[WHAT THE EXERCISE ASKS] Transcribe all the lines below exactly. Omit the pictures.

[DATA EXCERPT]
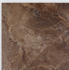
CANYON NOCE (PRCO) 33,3x33,3 cm / 13.1"x13.1" [P] M312
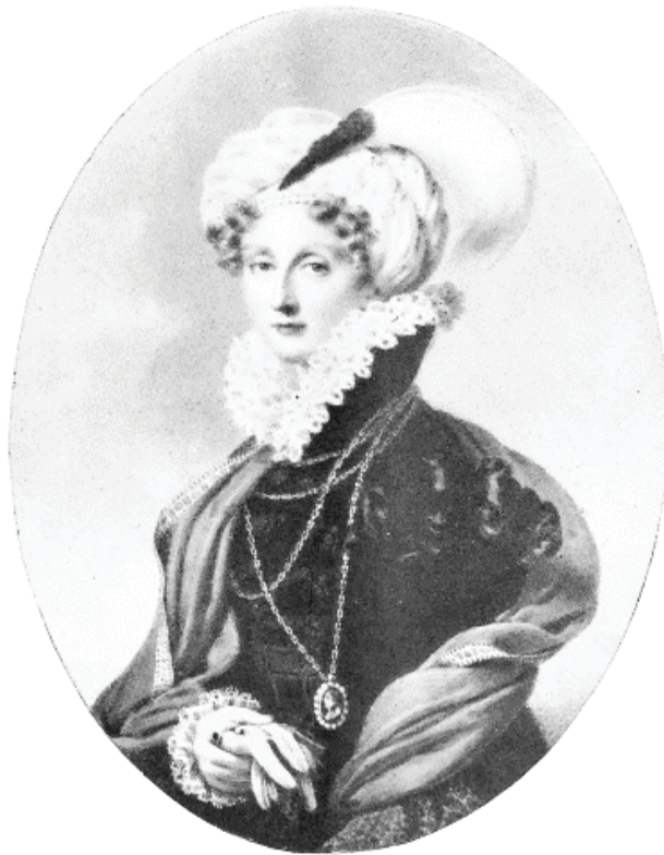
H.M. MARIE AMÉLIE, QUEEN OF THE FRENCH, 1828.

Footnote 23: A name by which the Duc de Montpensier was sometimes called in the family circle.

[SOLVED EXERCISE]
CANYON NOCE (PRCO) 33,3x33,3 cm / 13.1"x13.1" [P] M312
H.M. MARIE AMÉLIE, QUEEN OF THE FRENCH, 1828.

Footnote 23: A name by which the Duc de Montpensier was sometimes called in the family circle.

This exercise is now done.